DATA TO EXAMINE Start Marker
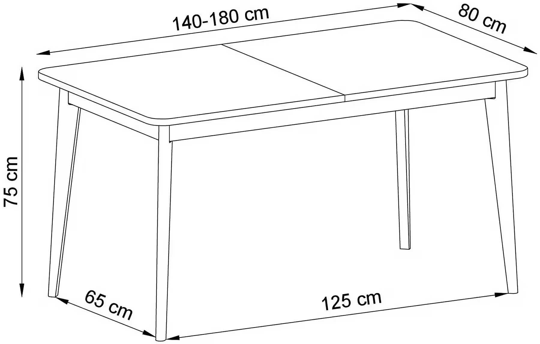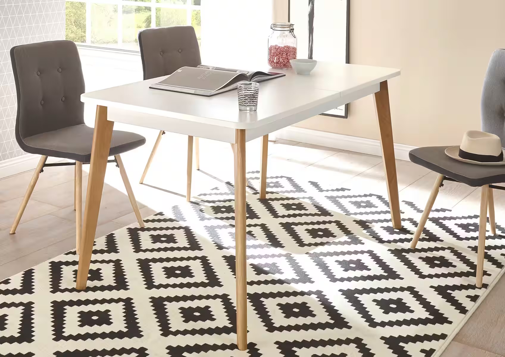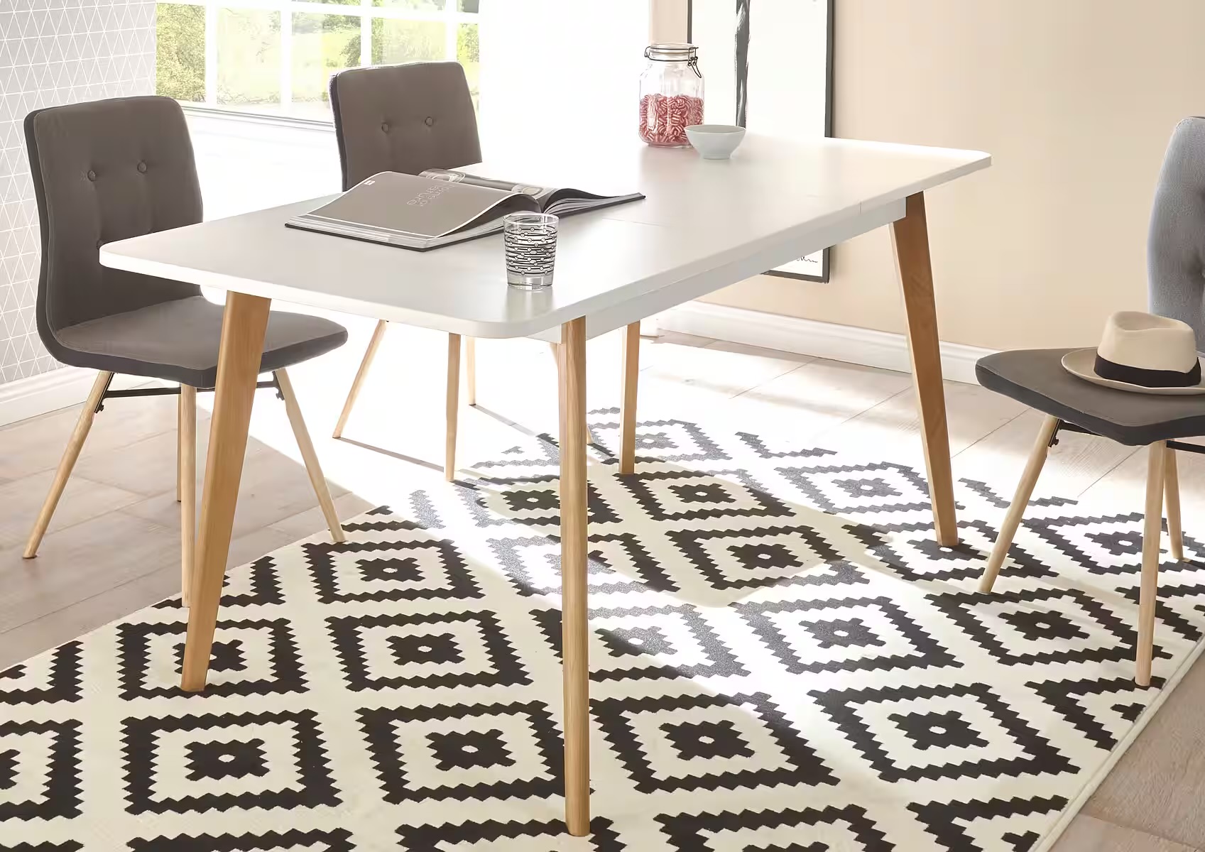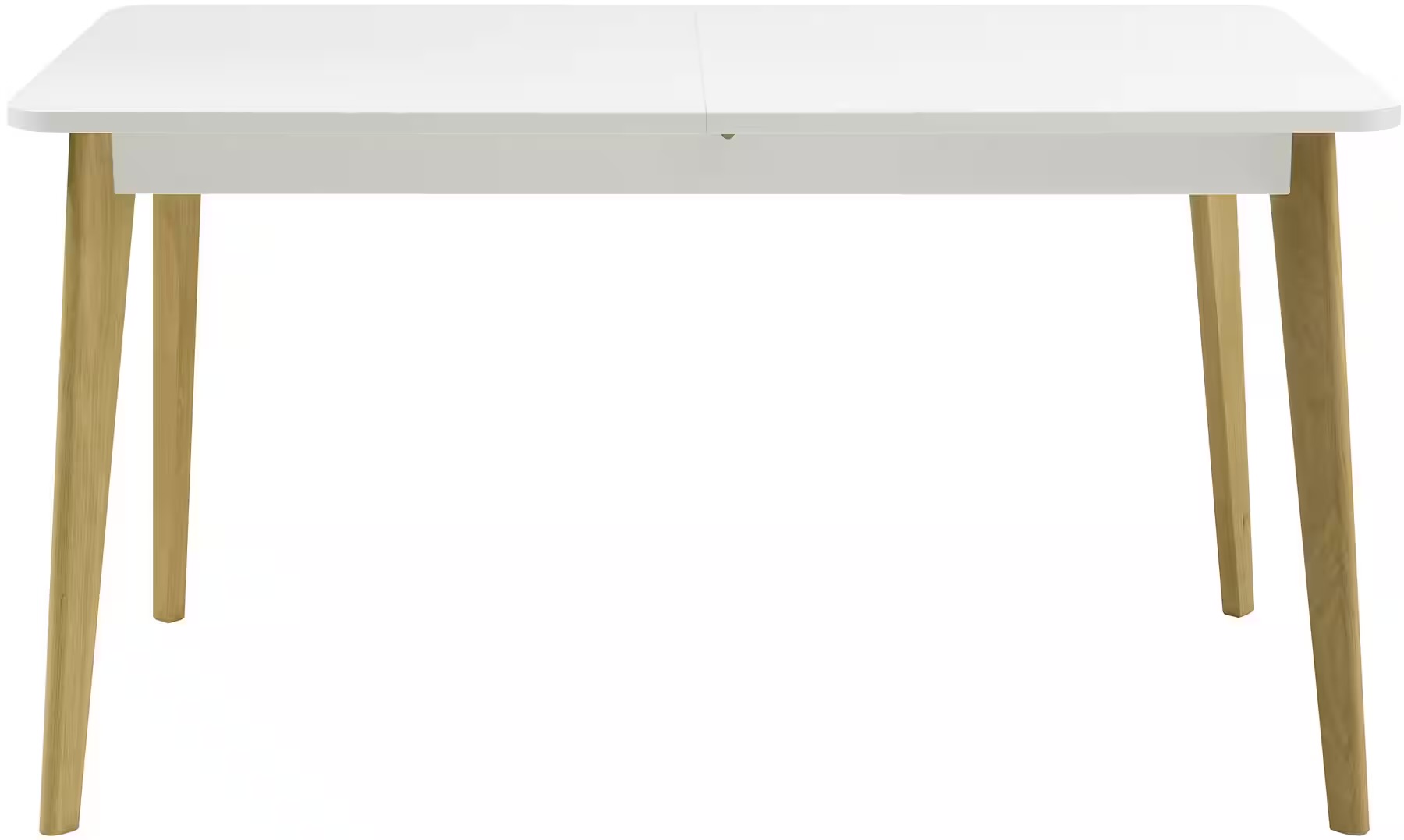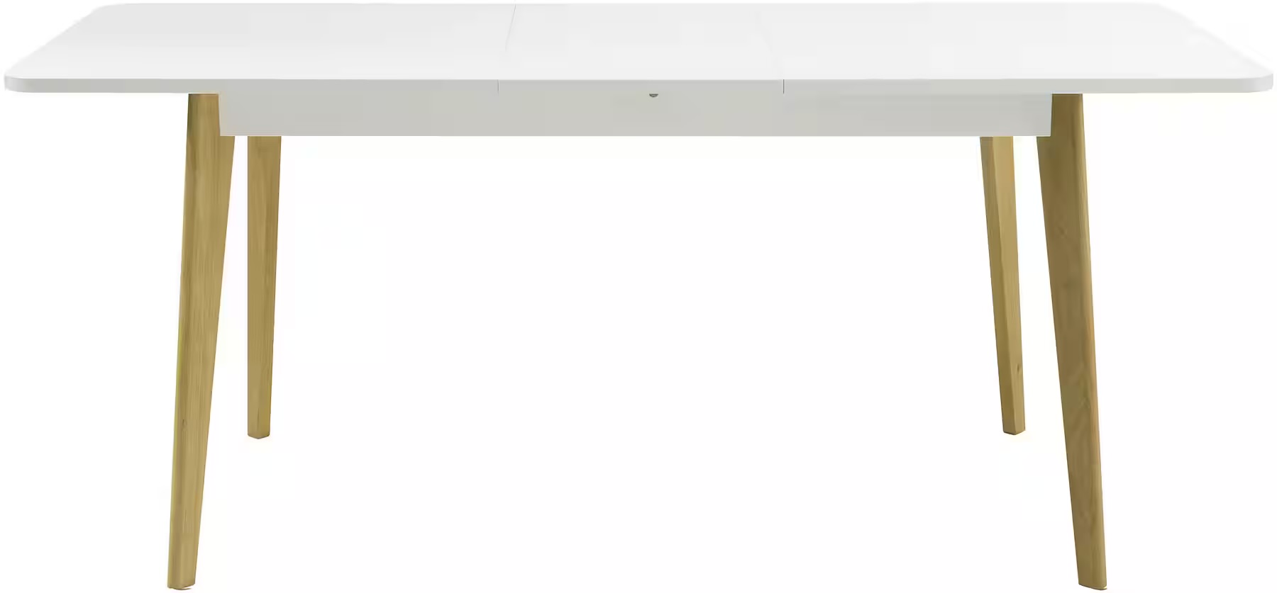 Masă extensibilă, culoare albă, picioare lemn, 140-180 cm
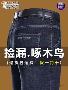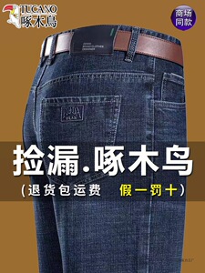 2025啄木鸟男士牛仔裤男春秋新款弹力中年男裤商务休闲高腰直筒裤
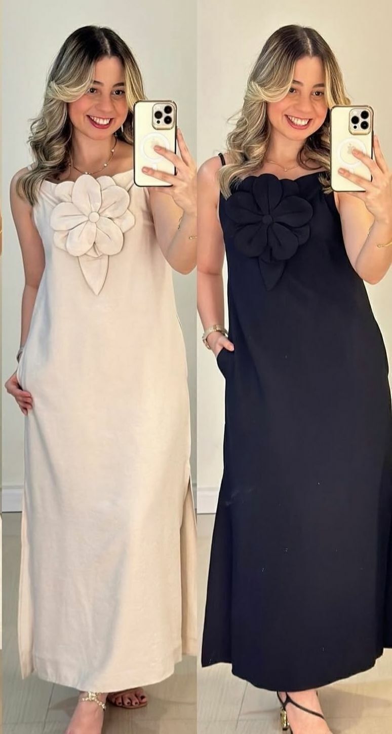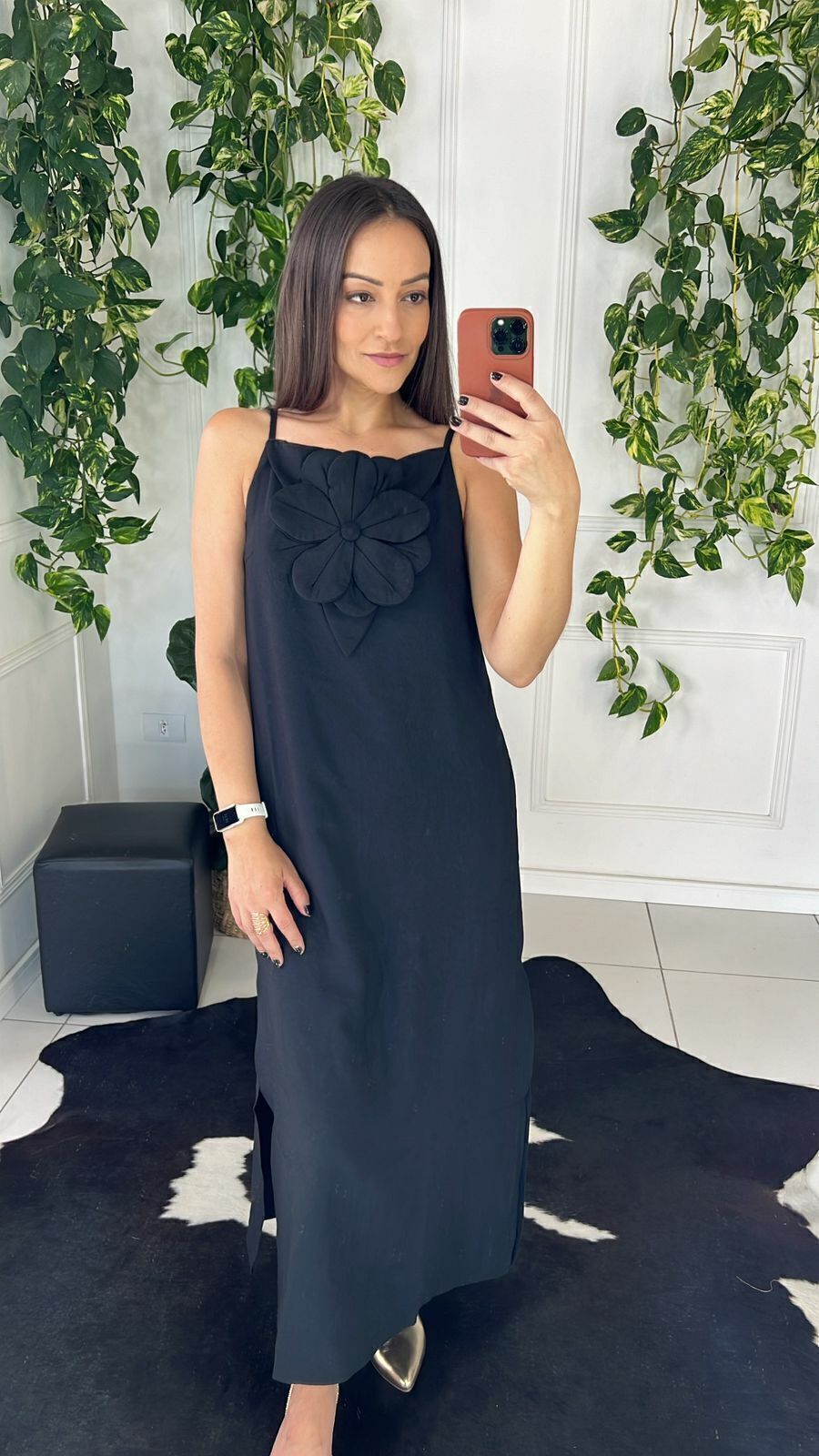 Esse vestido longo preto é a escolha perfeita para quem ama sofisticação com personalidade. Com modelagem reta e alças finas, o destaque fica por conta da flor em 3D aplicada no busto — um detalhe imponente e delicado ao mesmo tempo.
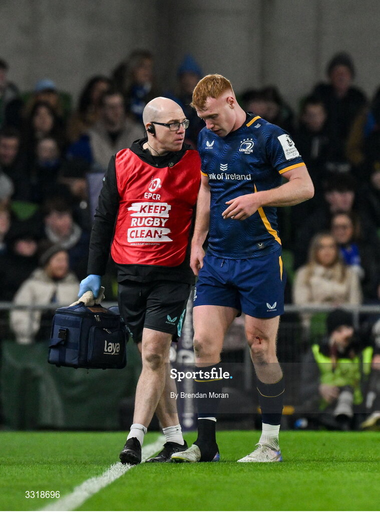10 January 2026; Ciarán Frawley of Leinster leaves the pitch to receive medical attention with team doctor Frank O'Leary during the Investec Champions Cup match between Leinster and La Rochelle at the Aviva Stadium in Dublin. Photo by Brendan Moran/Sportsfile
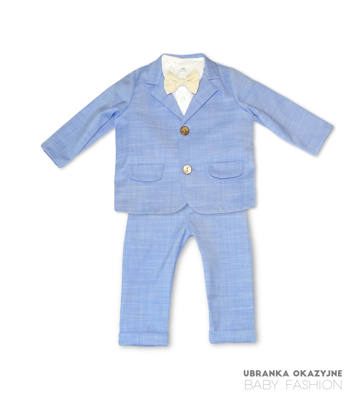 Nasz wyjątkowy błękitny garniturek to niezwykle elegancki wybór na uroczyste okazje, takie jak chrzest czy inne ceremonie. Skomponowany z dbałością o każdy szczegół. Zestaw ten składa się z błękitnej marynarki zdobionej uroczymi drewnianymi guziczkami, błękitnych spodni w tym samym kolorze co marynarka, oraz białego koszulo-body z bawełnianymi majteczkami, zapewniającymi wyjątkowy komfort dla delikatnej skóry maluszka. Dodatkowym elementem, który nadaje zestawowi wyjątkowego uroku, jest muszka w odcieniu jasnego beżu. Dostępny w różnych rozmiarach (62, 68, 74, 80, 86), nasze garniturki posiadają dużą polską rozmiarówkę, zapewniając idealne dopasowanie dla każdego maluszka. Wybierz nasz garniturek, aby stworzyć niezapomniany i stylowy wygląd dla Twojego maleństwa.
DATA TO EXAMINE End Marker
_WHAT IS NEEDED:_
Exact copy, no pictures. Write out the lines in the entries above, starting with the line with "2025啄木鸟男士牛仔裤男春秋新款弹力中年男裤商务休闲高腰直筒裤" and going on through the line with "Esse vestido longo", keeping both.

_OUTPUT OF THE TASK:_
 2025啄木鸟男士牛仔裤男春秋新款弹力中年男裤商务休闲高腰直筒裤
 Esse vestido longo preto é a escolha perfeita para quem ama sofisticação com personalidade. Com modelagem reta e alças finas, o destaque fica por conta da flor em 3D aplicada no busto — um detalhe imponente e delicado ao mesmo tempo.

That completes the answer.